— EXERCISE REQUIREMENTS —
Within the entries below, find the portion that opens with the line containing "主色役【草木】=癒しの人は、" and closes with the line containing "- General Education". Retype that portion exactly and only.

— RECORD SET —
——————

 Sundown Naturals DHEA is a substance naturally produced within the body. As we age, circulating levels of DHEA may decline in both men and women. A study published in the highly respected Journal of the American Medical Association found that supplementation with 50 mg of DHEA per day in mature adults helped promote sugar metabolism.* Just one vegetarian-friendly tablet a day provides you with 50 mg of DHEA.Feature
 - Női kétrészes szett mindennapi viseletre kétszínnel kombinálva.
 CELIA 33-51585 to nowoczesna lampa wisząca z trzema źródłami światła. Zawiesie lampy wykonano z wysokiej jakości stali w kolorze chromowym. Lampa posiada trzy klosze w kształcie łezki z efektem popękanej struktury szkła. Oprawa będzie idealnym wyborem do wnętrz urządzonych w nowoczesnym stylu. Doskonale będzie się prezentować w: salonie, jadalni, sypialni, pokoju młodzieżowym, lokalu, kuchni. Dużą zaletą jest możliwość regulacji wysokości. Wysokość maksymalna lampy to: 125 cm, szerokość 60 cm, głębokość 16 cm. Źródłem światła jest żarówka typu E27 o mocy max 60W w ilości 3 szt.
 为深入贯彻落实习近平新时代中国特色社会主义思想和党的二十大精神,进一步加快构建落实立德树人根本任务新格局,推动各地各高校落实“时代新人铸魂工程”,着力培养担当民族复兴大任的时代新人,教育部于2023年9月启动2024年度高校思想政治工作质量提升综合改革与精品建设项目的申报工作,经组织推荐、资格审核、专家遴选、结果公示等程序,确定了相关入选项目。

——————

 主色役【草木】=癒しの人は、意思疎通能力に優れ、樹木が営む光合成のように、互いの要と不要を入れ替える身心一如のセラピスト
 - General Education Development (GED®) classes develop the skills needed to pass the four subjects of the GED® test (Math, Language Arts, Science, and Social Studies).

——————

— EXERCISE RESULT —
 主色役【草木】=癒しの人は、意思疎通能力に優れ、樹木が営む光合成のように、互いの要と不要を入れ替える身心一如のセラピスト
 - General Education Development (GED®) classes develop the skills needed to pass the four subjects of the GED® test (Math, Language Arts, Science, and Social Studies).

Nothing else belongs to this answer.